From that index, I get the 10 matches in front and behind the word, which makes the snippet.
public static string GetSnippet(string text, string word)
{
if (text.IndexOf(word, StringComparison.InvariantCultureIgnoreCase) == -1)
{
return "";
}
var matches = new Regex(#"\b(\S+)\s?", RegexOptions.Singleline | RegexOptions.Compiled).Matches(text);
var p = -1;
for (var i = 0; i < matches.Count; i++)
{
if (matches[i].Value.IndexOf(word, StringComparison.InvariantCultureIgnoreCase) != -1)
{
p = i;
break;
}
}
if (p == -1) return "";
var snippet = "";
for (var x = Math.Max(p - 10, 0); x < p + 10; x++)
{
snippet += matches[x].Value + " ";
}
return snippet;
}
If you use CONTAINSTABLE you will get a RANK back , this is in essence a density value - higher the RANK value, the higher the density. This way, you just run a query to get the results you want and dont have to result to massaging the data when its returned.
Wrote a function to do this just now. You want to pass in:
Inputs:
Document text
This is the full text of the document you're taking a snippet from. Most likely you will want to strip out any BBCode/HTML from this document.
Original query
The string the user entered as their search
Snippet length
Length of the snippet you wish to display.
Return Value:
Start index of the document text to take the snippet from. To get the snippet simply do documentText.Substring(returnValue, snippetLength). This has the advantage that you know if the snippet is take from the start/end/middle so you can add some decoration like ... if you wish at the snippet start/end.
Performance
A resolution set to 1 will find the best snippet but moves the window along 1 char at a time. Set this value higher to speed up execution.
Tweaks
You can work out score however you want. In this example I've done Math.pow(wordLength, 2) to favour longer words.

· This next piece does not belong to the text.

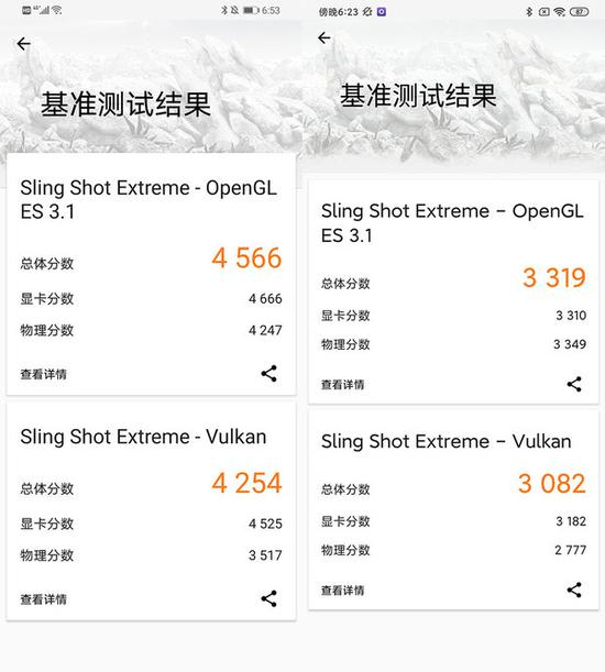 但仅靠CPU来进行性能输出是不够的,还需要GPU提供更加强大的图形处理能力。麒麟820在3D Mark中的Sling Shot Extreme和Vulkan模式测试中均强于骁龙765G。

private static int GetSnippetStartPoint(string documentText, string originalQuery, int snippetLength)
{
// Normalise document text
documentText = documentText.Trim();
if (string.IsNullOrWhiteSpace(documentText)) return 0;
// Return 0 if entire doc fits in snippet
if (documentText.Length <= snippetLength) return 0;
// Break query down into words
var wordsInQuery = new HashSet<string>();
{
var queryWords = originalQuery.Split(' ');
foreach (var word in queryWords)
{
var normalisedWord = word.Trim().ToLower();
if (string.IsNullOrWhiteSpace(normalisedWord)) continue;
if (wordsInQuery.Contains(normalisedWord)) continue;
wordsInQuery.Add(normalisedWord);
}
}
// Create moving window to get maximum trues
var windowStart = 0;
double maxScore = 0;
var maxWindowStart = 0;
// Higher number less accurate but faster
const int resolution = 5;
while (true)
{
var text = documentText.Substring(windowStart, snippetLength);
// Get score of this chunk
// This isn't perfect, as window moves in steps of resolution first and last words will be partial.
// Could probably be improved to iterate words and not characters.
var words = text.Split(' ').Select(c => c.Trim().ToLower());
double score = 0;
foreach (var word in words)
{
if (wordsInQuery.Contains(word))
{
// The longer the word, the more important.
// Can simply replace with score += 1 for simpler model.
score += Math.Pow(word.Length, 2);
}
}
if (score > maxScore)
{
maxScore = score;
maxWindowStart = windowStart;
}
// Setup next iteration
windowStart += resolution;
// Window end passed document end
if (windowStart + snippetLength >= documentText.Length)
{
break;
}
}
return maxWindowStart;
}
Lots more you can add to this, for example instead of comparing exact words perhaps you might want to try comparing the SOUNDEX where you weight soundex matches less than exact matches.